The in operator on a set is much faster than on a list — O(1) vs O(n) — making sets ideal for large-scale lookups:

1
2
3
4
5
6
# Prefer set for large-scale lookups
valid_users = {"alice", "bob", "charlie", "david"}

username = "alice"
if username in valid_users:
    print("User exists")

Set Operations#

1
2
a = {1, 2, 3, 4, 5}
b = {3, 4, 5, 6, 7}

Union#

1
2
3
# All elements in a or b
print(a | b)           # {1, 2, 3, 4, 5, 6, 7}
print(a.union(b))      # same as above

Intersection#

1
2
3
# Elements common to both a and b
print(a & b)                   # {3, 4, 5}
print(a.intersection(b))       # same as above

Difference#

1
2
3
4
5
6
# Elements in a but not in b
print(a - b)                   # {1, 2}
print(a.difference(b))         # same as above

# Elements in b but not in a
print(b - a)                   # {6, 7}

Symmetric Difference#

1
2
3
# Elements in a only or b only (excluding common elements)
print(a ^ b)                          # {1, 2, 6, 7}
print(a.symmetric_difference(b))      # same as above

Subsets and Supersets#

1
2
3
4
5
6
7
8
9
a = {1, 2, 3}
b = {1, 2, 3, 4, 5}

print(a.issubset(b))     # True (a is a subset of b)
print(b.issuperset(a))   # True (b is a superset of a)

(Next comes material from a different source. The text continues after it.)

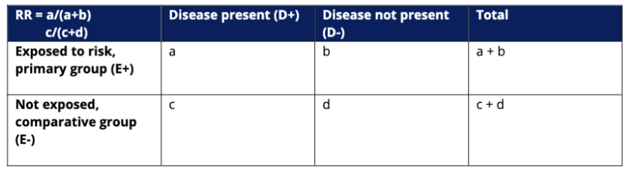 Relative Risk = a/(a+b) / c/(c+d)
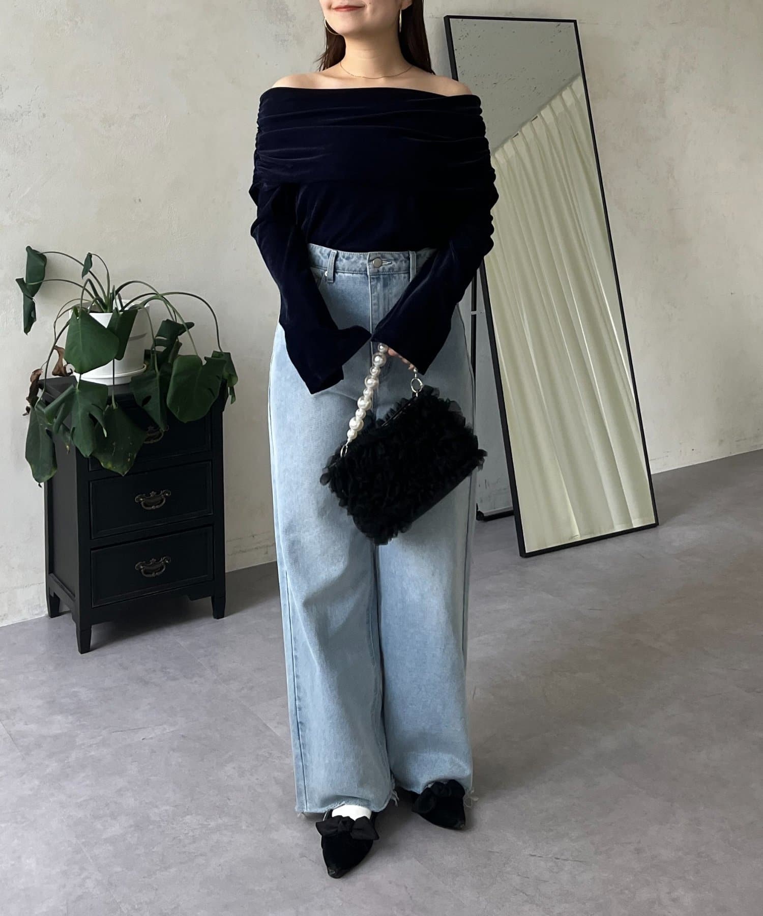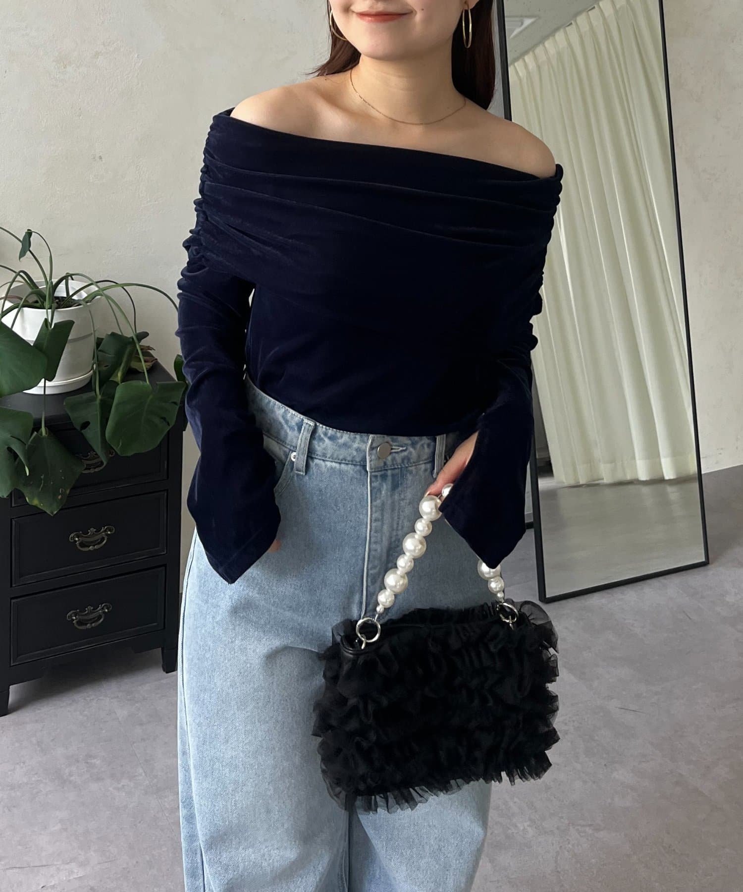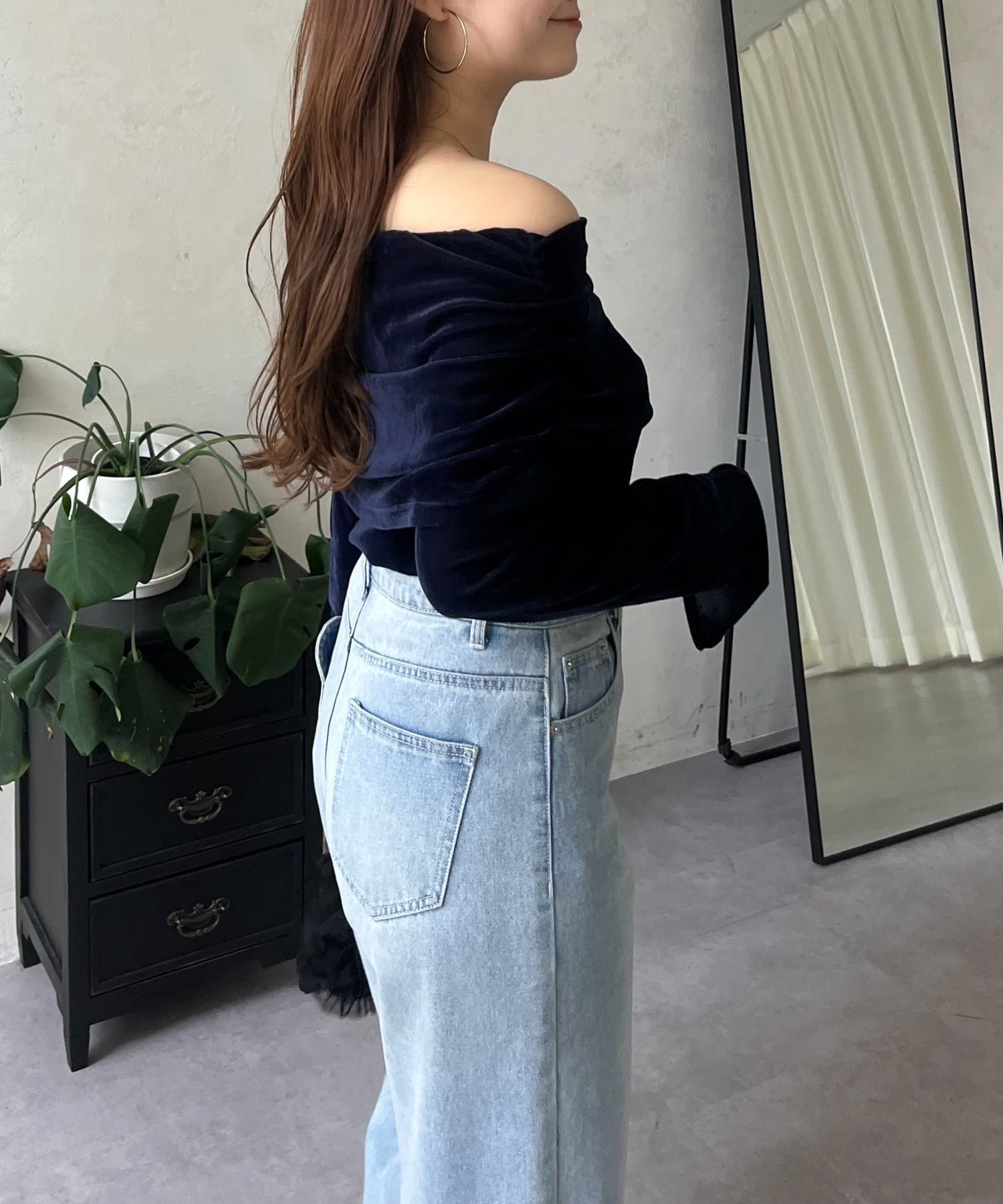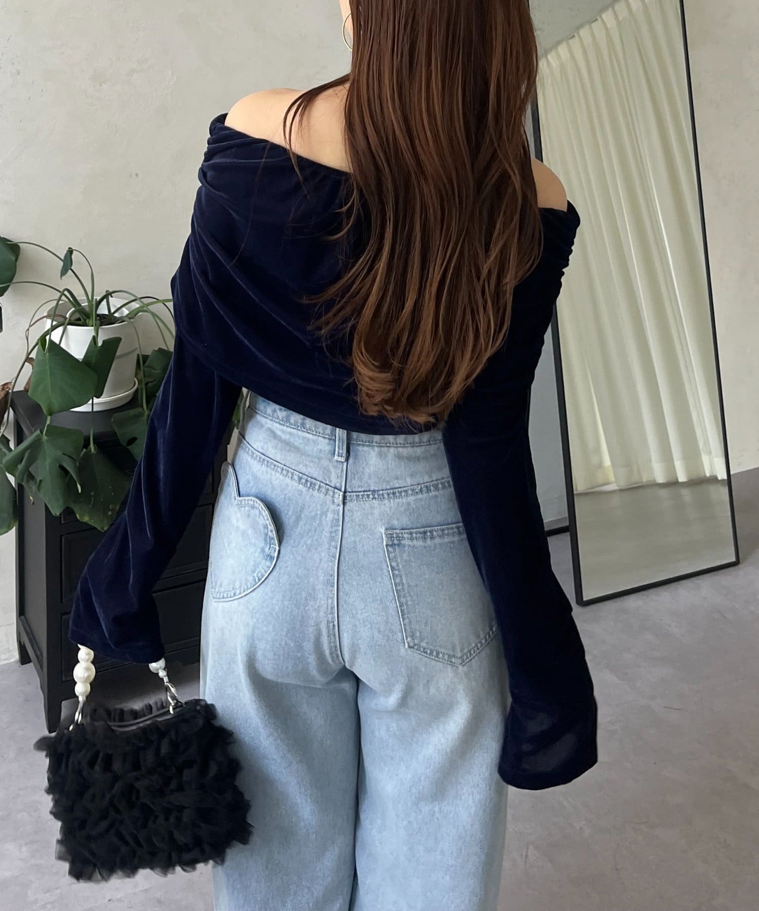 大人カジュアル/シンプル/オフショル/ベロア/ロンT

# Two sets with no common elements
print(a.isdisjoint({6, 7}))  # True
print(a.isdisjoint({3, 6}))  # False

Set Comprehension#

Set comprehension uses nearly identical syntax to list comprehension — the only difference is curly braces {} instead of square brackets. The result is automatically deduplicated and unordered.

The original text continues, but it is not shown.